Well, you have to realise a couple of things. First of all your relatives (and half of my relatives btw) were allowed to be catholics in a protestant Netherlands, while protestants weren't allowed to be protestants in a catholic Spain/Netherlands. Just compare the number of Catholics in the Netherlands (even ignoring Limburg, which was only partly Dutch) with the number of protestants in Belgium. There are almost no protestants in Belgium, eventhough the Dutch reformation started in Flanders, while there are many catholics in the Netherlands, even many in Holland (and they aren't all imigrants, Volendam is traditionaly a catholic town).
Also not being represented in the estate General wasn't really nice, but this was the age of absolute monarchs. It was unique in the world that there even was representation. Not that it was very democratic; the Estate-General consisted mainly out of very rich merchants out of Holland. The other provinces barely had any influence at all.
You don't have to lecture me about the policies and consequences of the Generality Lands, my Catholic ancestors may have been better off than protestants in catholic countries, but that certainly isn't going to make the 80 years war as
glorious as for some of my fellow(but protestant) Dutchmen.
BTW I'm not blaming them, but I don't share these feelings about this period.
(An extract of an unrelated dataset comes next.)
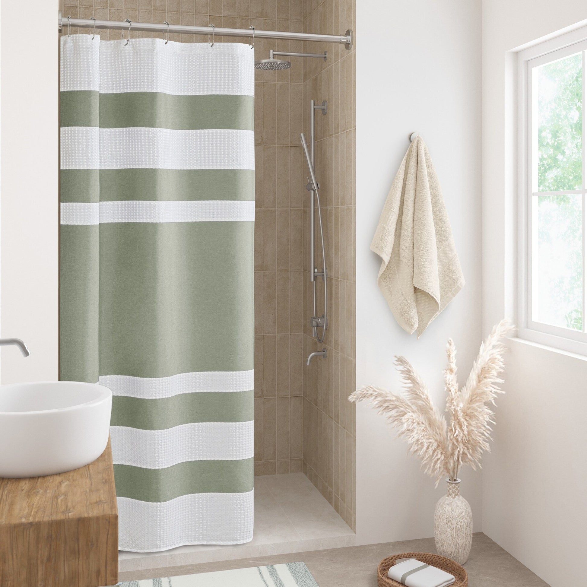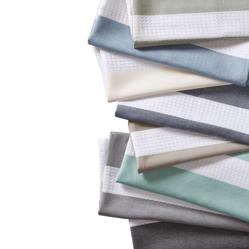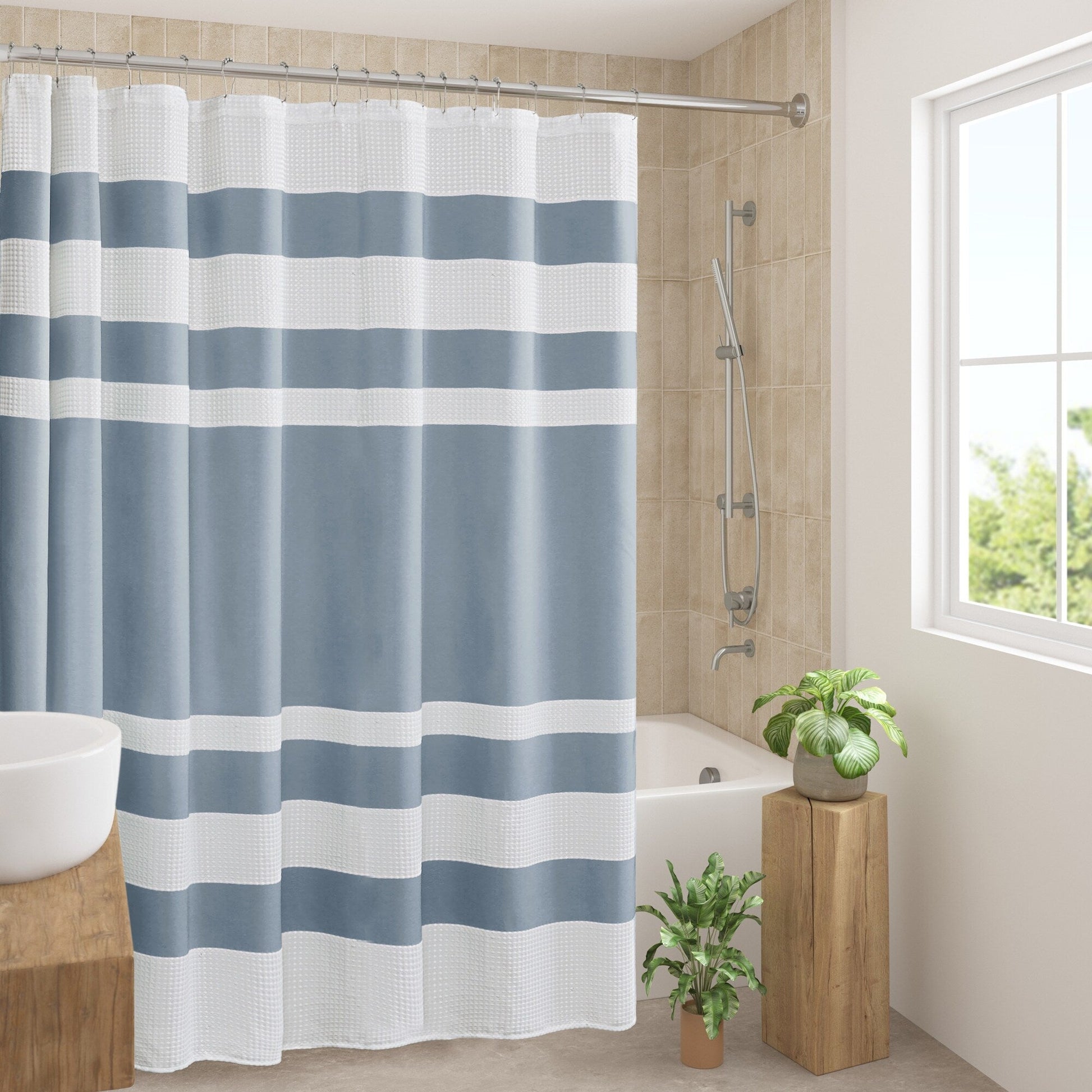 Experience a spa-like ambiance in your bathroom with the Madison Park Spa Waffle Shower Curtain. Made of durable polyester with a waffle weave base fabric, this modern contemporary stripe shower curtain features a chic color block and stripe design in multiple color options to match any bathroom decor. The 3M Scotchgard water repellent treatment ensures easy maintenance, while various sizes provide a perfect fit for any bathroom space. Please note that hooks, rod, and water repellent liner need to be purchased separately.

Frankly the period from the Dutch republic until the Batavian Republic** wasn't a golden age* for the Dutch Catholics (*= although in reality it was only a relatively small group within the larger group of protestants which profited).
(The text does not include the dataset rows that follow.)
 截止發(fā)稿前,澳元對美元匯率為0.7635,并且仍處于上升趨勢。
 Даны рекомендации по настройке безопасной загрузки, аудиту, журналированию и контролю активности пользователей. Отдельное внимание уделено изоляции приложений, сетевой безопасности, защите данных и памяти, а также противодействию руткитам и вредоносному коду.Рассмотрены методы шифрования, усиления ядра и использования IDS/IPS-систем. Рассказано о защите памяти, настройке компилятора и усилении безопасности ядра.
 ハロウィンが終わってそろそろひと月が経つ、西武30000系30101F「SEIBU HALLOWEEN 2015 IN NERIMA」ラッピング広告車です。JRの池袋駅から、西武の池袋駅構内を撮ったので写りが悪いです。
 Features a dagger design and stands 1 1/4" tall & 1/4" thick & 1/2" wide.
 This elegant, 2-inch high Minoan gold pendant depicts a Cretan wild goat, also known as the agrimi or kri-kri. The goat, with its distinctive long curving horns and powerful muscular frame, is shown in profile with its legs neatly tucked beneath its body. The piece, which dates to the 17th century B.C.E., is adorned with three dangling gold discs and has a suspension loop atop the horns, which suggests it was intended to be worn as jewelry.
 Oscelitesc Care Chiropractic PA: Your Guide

OTOH(the entire duchy of) Brabant had a golden age until the the Dutch revolt (from which in reality only a small group profited, similar to the later golden age in the Dutch Republic (mostly in the county of Holland)), which by contrast turns the period of the Generality Lands (for the Northern half of Brabant) and the fall of Antwerp etc. (Southern half of Brabant) into a dark age.
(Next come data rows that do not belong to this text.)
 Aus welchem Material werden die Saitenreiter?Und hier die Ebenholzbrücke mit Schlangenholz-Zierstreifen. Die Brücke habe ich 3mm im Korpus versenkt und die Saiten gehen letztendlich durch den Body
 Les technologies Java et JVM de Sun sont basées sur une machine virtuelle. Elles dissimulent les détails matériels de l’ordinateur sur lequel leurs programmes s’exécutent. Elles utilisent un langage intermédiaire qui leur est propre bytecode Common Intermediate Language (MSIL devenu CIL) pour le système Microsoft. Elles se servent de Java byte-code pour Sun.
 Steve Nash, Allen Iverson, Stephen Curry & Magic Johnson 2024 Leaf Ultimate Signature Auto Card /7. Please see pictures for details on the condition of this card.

Furthermore I mentioned the situation with the Estates General (which is different from the religious part, but their are connections), to clarify that politcal dicrimination existed and that it was (partly, local protestants got local offices in a region with a vast catholic majority) not totally religious.
Not to mention the fact that as consequence of the 80 years war Brabant was split, which by the vast majority of Brabantians is as judged very negatively...
(**= with the Batavian Republic the issues with the representation and religious rights were settled, although it was only the start of the emancipation of catholics and others, who didn't share the old state religion)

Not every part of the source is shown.